Spermicides do not contain hormonal components; they are allowed to be used for a long time and combined (supplemented) with other contraception in the postpartum period. The effectiveness of the chemical method of protection is about 95%.

The group of barrier methods also includes diaphragms, caps and sponges, which, after deep insertion, close the vaginal lumen and protect the cervical canal from sperm. But today these funds are unpopular. Installing the diaphragm and caps requires some experience and skill.

Barrier methods do not pose serious medical risks. Side effects include irritation and allergic reactions.

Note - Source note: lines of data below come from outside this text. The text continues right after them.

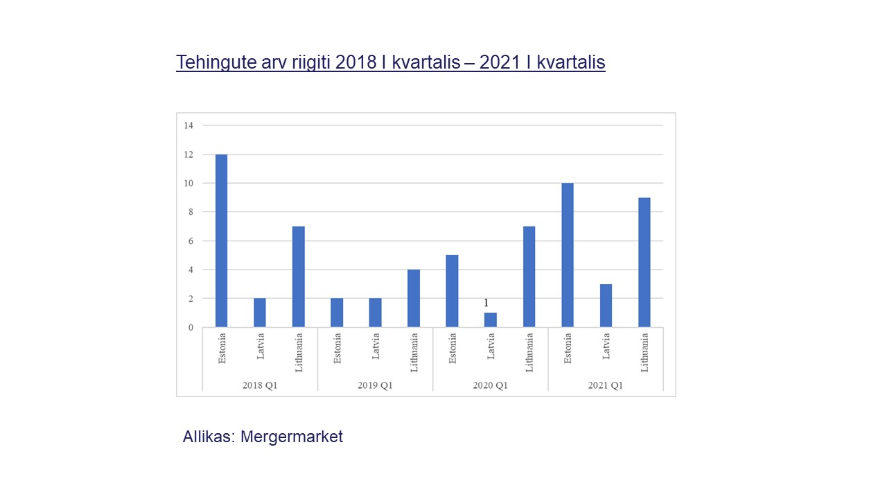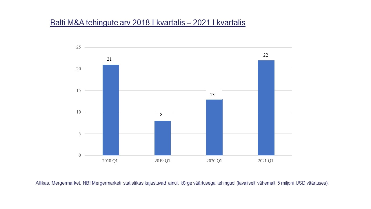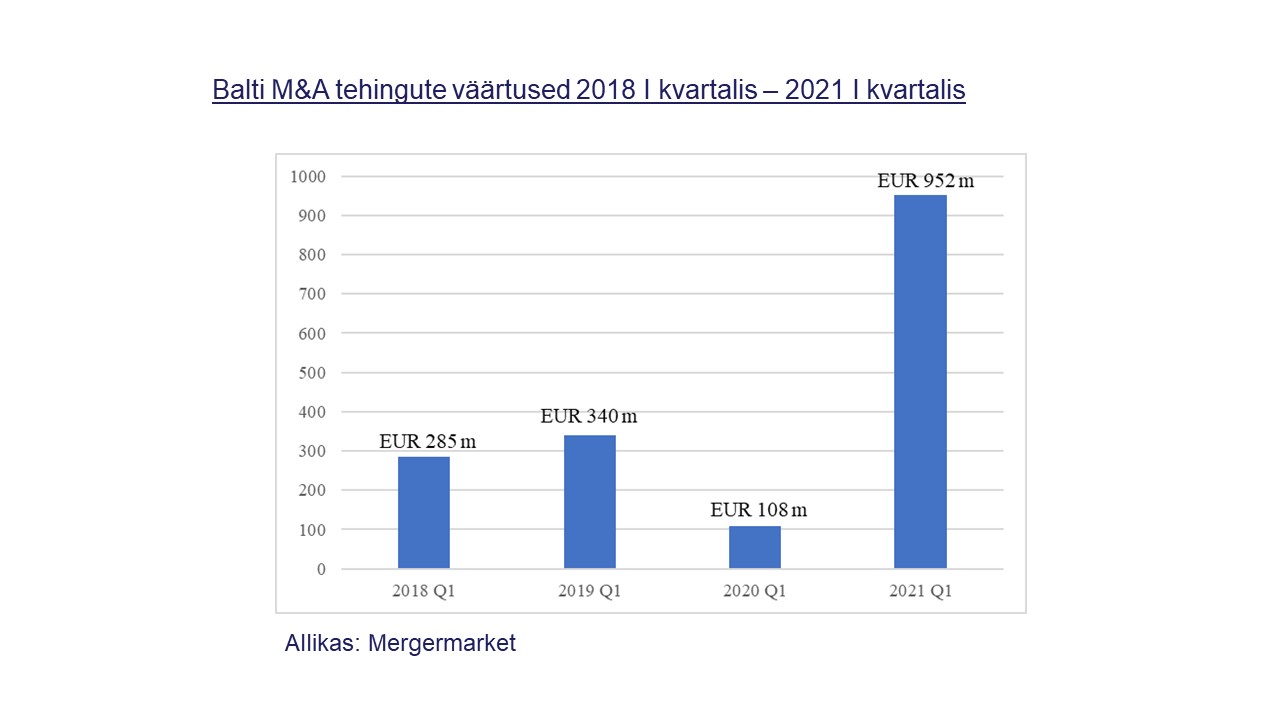 Baltikumi turul näeme sarnasusi globaalsete ja Euroopa trendidega. Nimelt kasvas 2021. a I kvartalis Euroopa M&A turg väärtuse poolest 51,5% võrreldes sama perioodiga eelmisel aastal. Globaalsest turust moodustab Euroopa turg 25,1%. Mergermarketi raporti andmetel küündisid selle aasta I kvartalis globaalsed tehingud 1,16 triljoni USA dollarini, mis tähendab, et see aasta algas ajalooliselt kõrgeima aktiivsusega. Tehinguväärtusedki on viimase 15 aasta kõrgeimad ehk keskmiselt 518,7 dollarit.
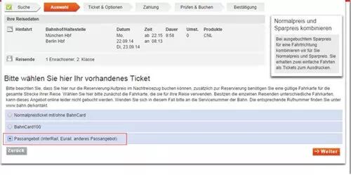 “ 如果没耐心看全文的话,简单地说就是选好车次后,点”Nur Aufpreis buchen“(英文页面里是”Book only extra charge“),然后继续按照流程预订就可以~~ ”
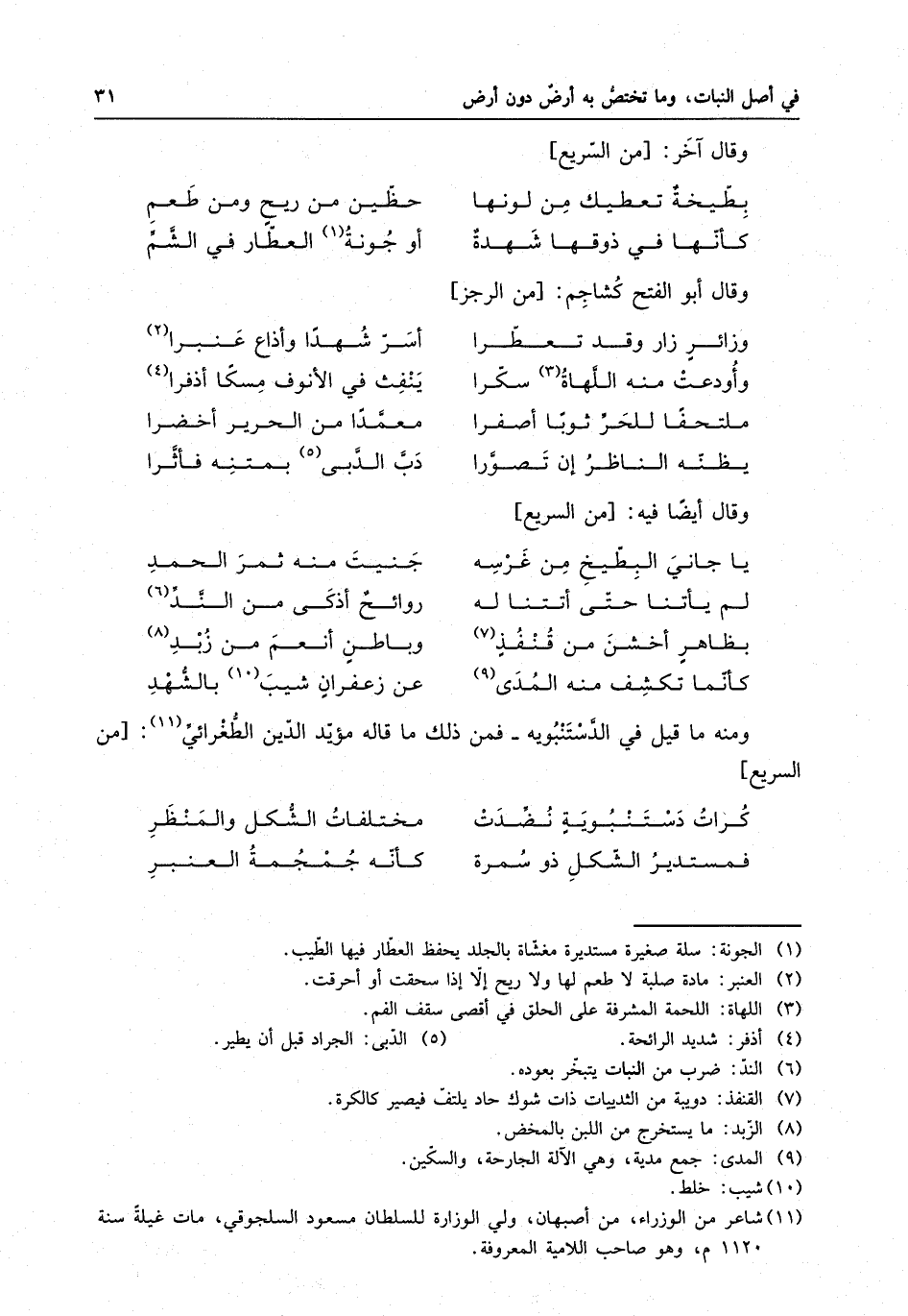 ومنه ما قيل في الدستنبويه ، فمن ذلك ما قاله مؤيد الدين الطغرائي :
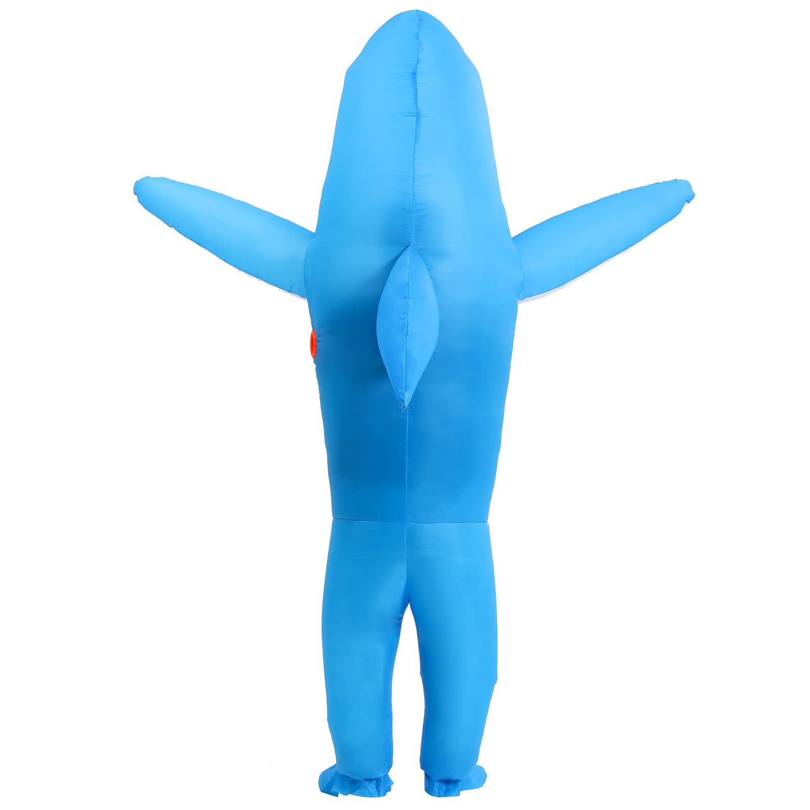 SIZE AND COLOR:The inflatable Shark body suit is plus size design suitable for the kids between 3.9′(1.2M) to 5.2′(1.6M),color design:Blue,fashion and unique.

Doctors' recommendations for choosing a contraceptive method

After giving birth, a woman needs to visit a doctor within a week from the moment of discharge from the hospital, and then again after 30 days to assess how the uterus has contracted and choose a contraceptive method. Doctors recommend using local hormonal methods as more reliable and safe. Those who are not breastfeeding are allowed to start using COCs immediately.

But if there are contraindications to hormones, it is necessary to select another method. For a married couple, a reliable remedy is an intrauterine device, if the birth took place without infectious complications. An alternative method is condoms and spermicides. Natural methods of contraception are not recommended during the postpartum period due to hormonal changes.

How to choose?

It is believed that it is undesirable to become pregnant in the first one and a half to two years after childbirth. The female body has not yet recovered enough to bear a child, and an abortion can cause dangerous complications in the reproductive and hormonal systems, and a death sentence for the reproductive system.

Therefore, the selection of optimal contraception should be carried out carefully, seriously, with mandatory consultation with a specialist. After all, when a woman is breastfeeding, the method should not affect lactation and the health of the infant.

Usually in this case, women are advised to combine and protect themselves in several ways.